Grammar element based on a sentence span.

All grammar classes must be defined as slots classes. This is necessary for ensuring low-memory footprint and better computational efficiency. Even classes with no new slots need to declare __slots__ = (). This requirement is checked during class construction. Other class-specific requirements of this sort as well as their related validation checks may be implemented on specialized grammar classes using the standard __init_subclass__ interface. This allows abstract base classes further down the inheritance chain to check for more complex requirements as well as apply dynamic class customizations.

property idx: tuple[int, int]

Sentence index equal to (self.start, self.end) allowing for identification/hashing and sorting within the parent document.

property vector: ndarray[tuple[int], floating]

Word vector.

property is_correct: bool

Indicates whether the sentence has been parsed correctly and has a well-defined root token.

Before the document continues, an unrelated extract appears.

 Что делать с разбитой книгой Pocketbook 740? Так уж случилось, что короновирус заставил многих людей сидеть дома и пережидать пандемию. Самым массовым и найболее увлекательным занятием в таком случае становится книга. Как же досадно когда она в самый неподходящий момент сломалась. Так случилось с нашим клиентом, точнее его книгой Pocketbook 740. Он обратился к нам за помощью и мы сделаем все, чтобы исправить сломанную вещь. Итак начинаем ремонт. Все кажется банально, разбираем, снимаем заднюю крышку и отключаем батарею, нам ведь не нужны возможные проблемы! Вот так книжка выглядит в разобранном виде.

abstract classmethod from_data(doc: Doc, data: dict[str, Any]) Self[source]

Construct from document and data dictionary.

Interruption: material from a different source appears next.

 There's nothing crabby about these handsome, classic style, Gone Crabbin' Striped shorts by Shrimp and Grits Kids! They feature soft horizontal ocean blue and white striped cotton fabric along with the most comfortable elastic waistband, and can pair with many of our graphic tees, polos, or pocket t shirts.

class segram.grammar.abc.TokenElement(tok: Token)[source]

Bases: GrammarElement

Grammar element based on a token.

All grammar classes must be defined as slots classes. This is necessary for ensuring low-memory footprint and better computational efficiency. Even classes with no new slots need to declare __slots__ = (). This requirement is checked during class construction. Other class-specific requirements of this sort as well as their related validation checks may be implemented on specialized grammar classes using the standard __init_subclass__ interface. This allows abstract base classes further down the inheritance chain to check for more complex requirements as well as apply dynamic class customizations.

property idx: int

Token index within the parent document.

abstract property tokens: tuple[Token, ...]

Tokens sequence of the element.

property vector: ndarray[tuple[int], floating]

Word vector.

abstract classmethod from_data(doc: Doc, data: dict[str, Any]) Self[source]

Construct from document and data dictionary.